Sadly, there are many thousands of industrial sites around the US that are badly contaminated. These are sites where, years ago, companies dumped, spilled, or buried toxic chemicals. The key question for each of these sites is: does it threaten human health? Can its dangerous chemicals travel in water or air to where people live and work?

For years, the US has evaluated these contaminated sites to determine which pose the greatest threat to Americans, and therefore which deserved the greatest attention and resources for getting cleaned up. The most contaminated sites appear on the “Superfund National Priorities List.” They are often referred to as “Superfund” sites.

The formula used to decide if a contaminated site is dangerous enough to be a “Superfund” site is known as the Hazard Ranking System (“HRS”). You can think of the HRS as asking many different questions all aimed at learning the likelihood that chemicals dumped at that site threaten human health.
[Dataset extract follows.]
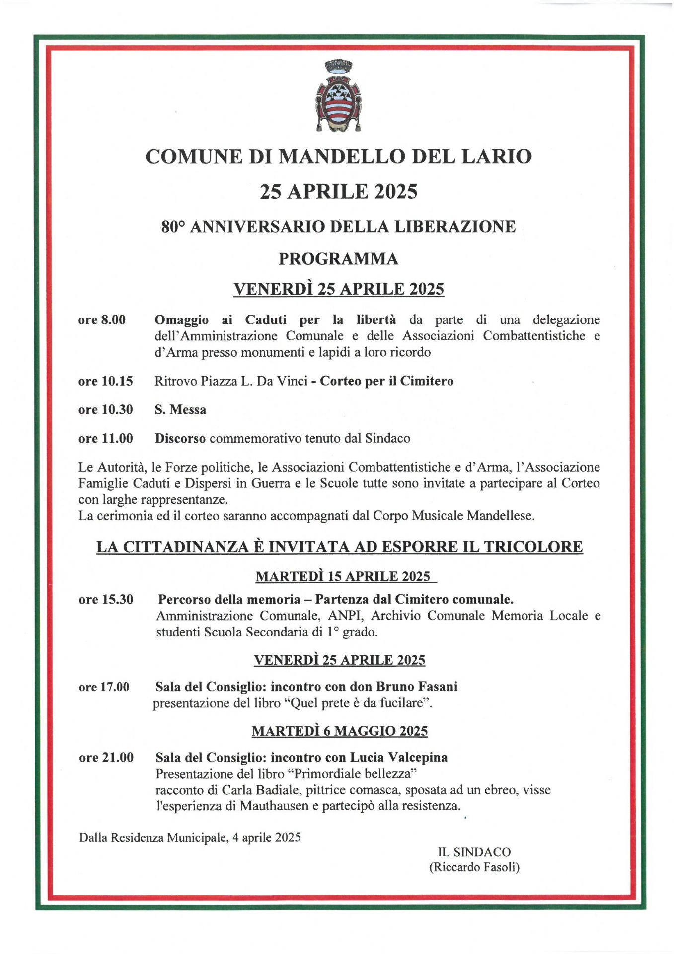 Le Autorità, le Forze politiche, le Associazioni Combattentistiche e d'Arma, l'Associazione Famiglie Caduti e Dispersi in Guerra e le Scuole tutte sono invitate a partecipare al Corteo con larghe rappresentanze.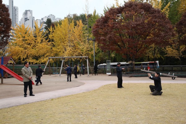 회의실에서의 시종일관 화기애애한 상태로 진행된 오늘의 만남은 공식적인 설명이 끝난 이후에도 계속되었습니다. 서로가 준비한 선물을 교환한데 이어서 가을이 무르익은 복지관 잔디밭에서는 서로 사진을 찍고, 또 한국의 가을 풍경을 저마다의 카메라와 눈에 담으며 복지관에서의 순간순간을 남겼습니다. 단풍나무, 은행나무 앞에서만큼은 업무 차 방문이라기 보다는 가을 여행자 같았습니다.

We have been using the same HRS formula since 1990.

Now, however, due to the efforts of those in the Obama EPA, the HRS is scheduled to include the contaminated site’s risk of creating “vapor intrusion”. Vapor intrusion refers to chemicals in the form of a gas (or “vapor”) penetrating (or “intruding” into) the air that people breathe in a home or office. For many years, certain highly toxic chemicals-like TCE, PCE, Vinyl chloride and Benzene-which were dumped many years ago and allowed to bleed down into the soil and groundwater, have been known to vaporize, and then drift back up through the soil, and slip through even concrete basement floors and foundation walls, and into the air that people breathe inside.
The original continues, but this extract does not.